▶ **Supplied information**
⁂
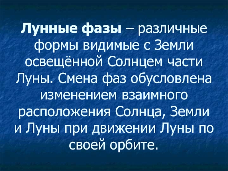 Лунные фазы – различные формы видимые с Земли освещённой Солнцем части Луны. Смена фаз обусловлена изменением взаимного
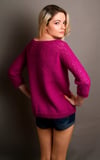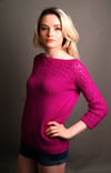 Joelle is a stunning spring, summer, and autumn top which is knitted flat but in one piece. Start at the bottom of the back and knit up, over the sleeves and neck, then back down the front. Its unusual construction means there is no seaming in the beautiful lace pattern across the top.
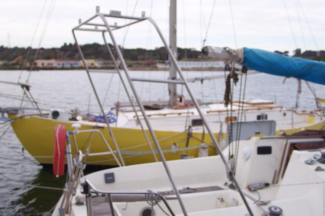 J'ai utilisé les bossoirs existant , en repiquant sur des boulons traversant des tubes de 25mm cintré. Puis 2 raidisseurs sur le balcon arrière . En mer cela tiens jusqu'à 30/35 nds , éprouve. Au port des rafales a 40 /45 nds cet hiver. Voila 3 ans que c'est en place , et pour l'instant très satisfait. Un point a ne pas oublier , prévoir la hauteur sous portique / panneaux / arceaux , car au port cul a quai , en descendant par la passerelle , c'est le scalp ........! ![]() |
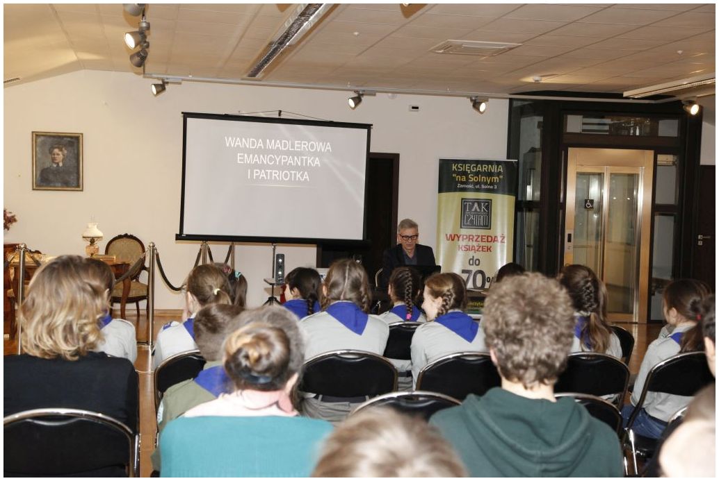 W piątek 14 grudnia 2018 r. w Muzeum Fortyfikacji i Broni Arsenał odbyło się oficjalne podsumowanie i zakończenie projektu "Szlakiem Emancypantek i Patriotek". Gościem specjalnym wydarzenia był Marek Kołcon - pedagog, historyk, regionalista. Przybliżył on zebranym postać Wandy Madlerowej - Emancypantki i Patriotki w kontekście wydarzeń związanych z II wojną światową. Był to czas kiedy nie tylko umiejętności z zakresu pomocy rannym i pracy sztabowej były potrzebne. Nie mniejsze znaczenie miała też zwykła kobieca czułość i współczucie dla drugiego człowieka.
⁂
▶ **Exercise directions**
Reproduce the material word for word, pictures excluded.

▶ **Exercise response**
 Лунные фазы – различные формы видимые с Земли освещённой Солнцем части Луны. Смена фаз обусловлена изменением взаимного
 Joelle is a stunning spring, summer, and autumn top which is knitted flat but in one piece. Start at the bottom of the back and knit up, over the sleeves and neck, then back down the front. Its unusual construction means there is no seaming in the beautiful lace pattern across the top.
 J'ai utilisé les bossoirs existant , en repiquant sur des boulons traversant des tubes de 25mm cintré. Puis 2 raidisseurs sur le balcon arrière . En mer cela tiens jusqu'à 30/35 nds , éprouve. Au port des rafales a 40 /45 nds cet hiver. Voila 3 ans que c'est en place , et pour l'instant très satisfait. Un point a ne pas oublier , prévoir la hauteur sous portique / panneaux / arceaux , car au port cul a quai , en descendant par la passerelle , c'est le scalp ........! ![]() |
 W piątek 14 grudnia 2018 r. w Muzeum Fortyfikacji i Broni Arsenał odbyło się oficjalne podsumowanie i zakończenie projektu "Szlakiem Emancypantek i Patriotek". Gościem specjalnym wydarzenia był Marek Kołcon - pedagog, historyk, regionalista. Przybliżył on zebranym postać Wandy Madlerowej - Emancypantki i Patriotki w kontekście wydarzeń związanych z II wojną światową. Był to czas kiedy nie tylko umiejętności z zakresu pomocy rannym i pracy sztabowej były potrzebne. Nie mniejsze znaczenie miała też zwykła kobieca czułość i współczucie dla drugiego człowieka.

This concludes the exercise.